[Task statement]:
Print, word for word, the opening line of the data below and every line after it through the line that contains "(Approval lapsed) Fluoxetine", but not the pictures.

[Items listed in a dataset]:
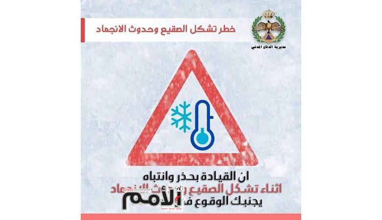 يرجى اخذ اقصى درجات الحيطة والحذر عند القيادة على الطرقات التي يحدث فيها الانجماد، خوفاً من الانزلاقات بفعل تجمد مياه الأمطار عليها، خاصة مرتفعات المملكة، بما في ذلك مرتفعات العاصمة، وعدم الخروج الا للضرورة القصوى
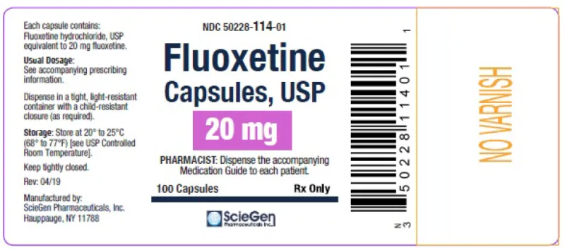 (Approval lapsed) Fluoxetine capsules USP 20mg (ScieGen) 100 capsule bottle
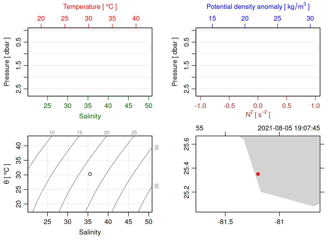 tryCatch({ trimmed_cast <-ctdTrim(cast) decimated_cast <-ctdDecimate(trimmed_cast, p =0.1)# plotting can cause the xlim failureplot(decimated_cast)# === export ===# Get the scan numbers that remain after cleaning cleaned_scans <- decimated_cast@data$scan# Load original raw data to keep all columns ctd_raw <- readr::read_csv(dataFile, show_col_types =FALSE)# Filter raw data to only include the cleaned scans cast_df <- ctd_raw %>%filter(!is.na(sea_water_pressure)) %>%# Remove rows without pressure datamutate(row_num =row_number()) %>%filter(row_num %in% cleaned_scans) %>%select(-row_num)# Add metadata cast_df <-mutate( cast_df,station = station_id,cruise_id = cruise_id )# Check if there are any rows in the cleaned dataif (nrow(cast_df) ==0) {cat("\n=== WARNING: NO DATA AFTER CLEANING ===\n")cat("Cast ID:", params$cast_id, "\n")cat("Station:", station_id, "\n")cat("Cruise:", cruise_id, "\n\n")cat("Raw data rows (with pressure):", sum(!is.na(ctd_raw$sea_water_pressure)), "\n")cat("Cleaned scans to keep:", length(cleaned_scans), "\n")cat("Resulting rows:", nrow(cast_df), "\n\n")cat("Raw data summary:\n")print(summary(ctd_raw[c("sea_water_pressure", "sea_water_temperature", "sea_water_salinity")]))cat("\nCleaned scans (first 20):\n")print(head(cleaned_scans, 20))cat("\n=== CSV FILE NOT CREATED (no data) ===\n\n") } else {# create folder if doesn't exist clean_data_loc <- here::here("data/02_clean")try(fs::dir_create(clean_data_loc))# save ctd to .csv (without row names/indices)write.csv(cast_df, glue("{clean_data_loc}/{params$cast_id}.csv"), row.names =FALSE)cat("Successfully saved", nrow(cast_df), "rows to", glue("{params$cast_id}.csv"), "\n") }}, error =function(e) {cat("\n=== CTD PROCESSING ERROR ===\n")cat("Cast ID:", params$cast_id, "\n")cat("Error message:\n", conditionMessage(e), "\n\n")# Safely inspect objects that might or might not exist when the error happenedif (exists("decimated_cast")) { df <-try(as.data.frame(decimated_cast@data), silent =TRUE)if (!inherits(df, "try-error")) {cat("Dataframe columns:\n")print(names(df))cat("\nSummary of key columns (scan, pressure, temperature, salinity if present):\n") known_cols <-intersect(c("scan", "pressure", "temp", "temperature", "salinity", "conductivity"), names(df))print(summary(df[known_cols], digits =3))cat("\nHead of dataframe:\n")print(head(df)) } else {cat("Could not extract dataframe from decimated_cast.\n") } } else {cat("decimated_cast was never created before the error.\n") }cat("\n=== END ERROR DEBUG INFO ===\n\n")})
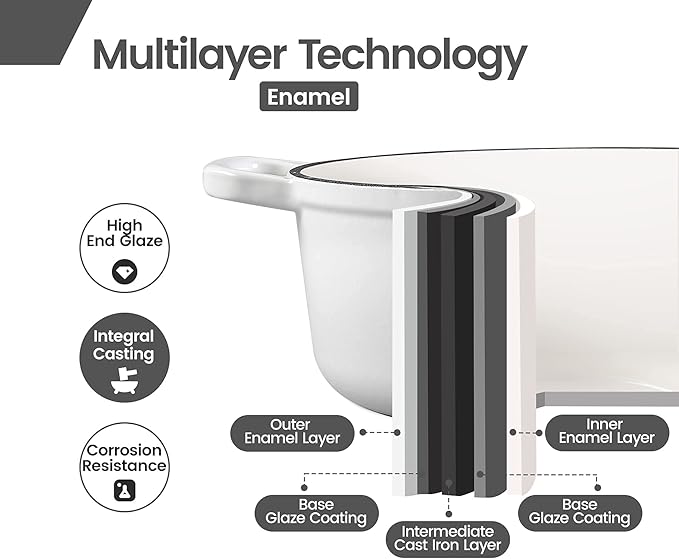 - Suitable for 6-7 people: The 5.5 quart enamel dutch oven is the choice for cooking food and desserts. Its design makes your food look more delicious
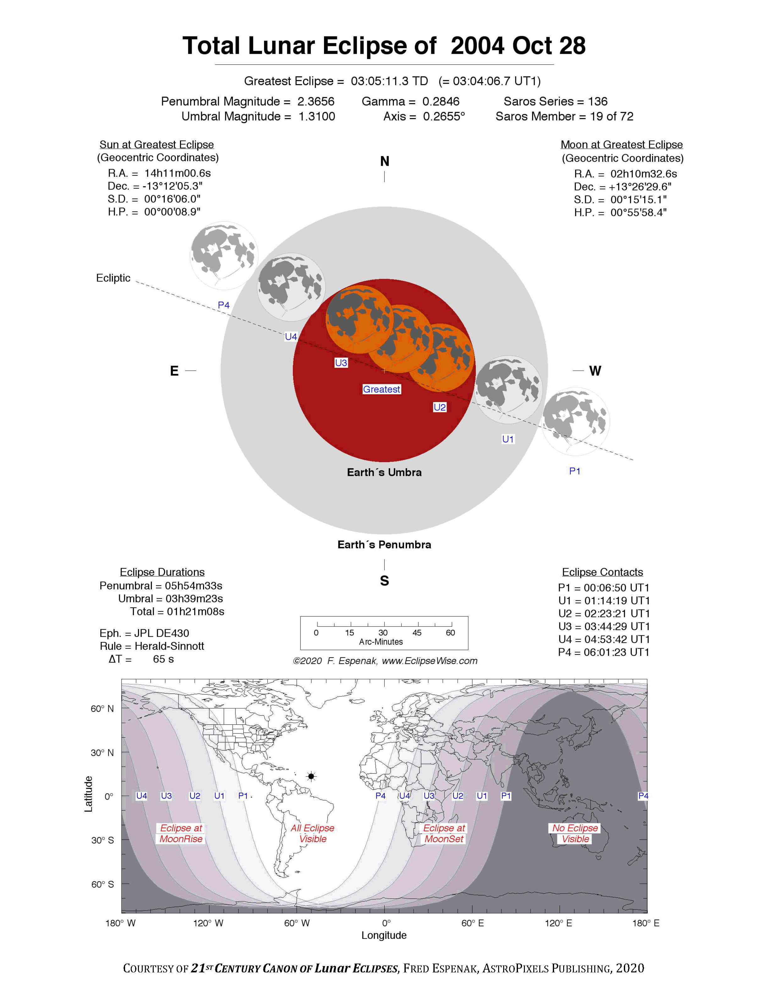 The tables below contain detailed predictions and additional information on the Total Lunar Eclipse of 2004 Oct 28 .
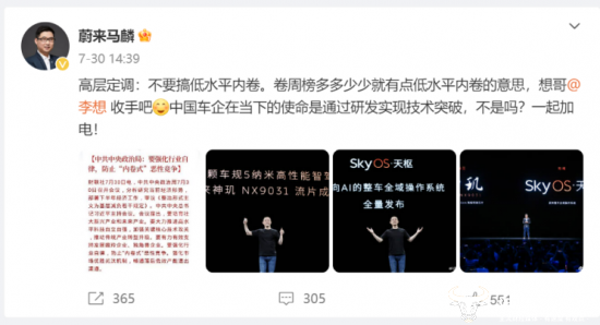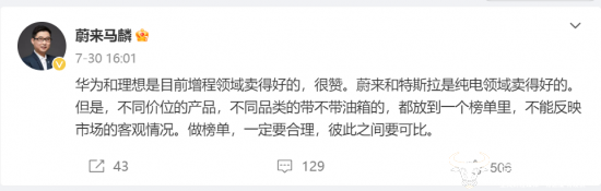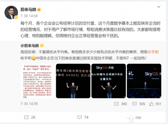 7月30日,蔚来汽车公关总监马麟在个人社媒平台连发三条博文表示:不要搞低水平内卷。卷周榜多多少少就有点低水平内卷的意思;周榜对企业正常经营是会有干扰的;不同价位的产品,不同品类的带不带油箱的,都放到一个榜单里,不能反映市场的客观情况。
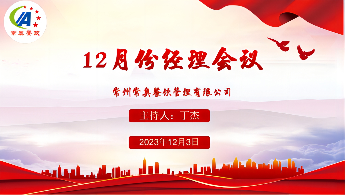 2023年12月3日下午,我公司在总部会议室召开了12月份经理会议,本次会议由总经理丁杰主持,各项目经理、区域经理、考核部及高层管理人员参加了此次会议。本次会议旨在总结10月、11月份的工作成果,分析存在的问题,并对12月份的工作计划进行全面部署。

[Result]:
 يرجى اخذ اقصى درجات الحيطة والحذر عند القيادة على الطرقات التي يحدث فيها الانجماد، خوفاً من الانزلاقات بفعل تجمد مياه الأمطار عليها، خاصة مرتفعات المملكة، بما في ذلك مرتفعات العاصمة، وعدم الخروج الا للضرورة القصوى
 (Approval lapsed) Fluoxetine capsules USP 20mg (ScieGen) 100 capsule bottle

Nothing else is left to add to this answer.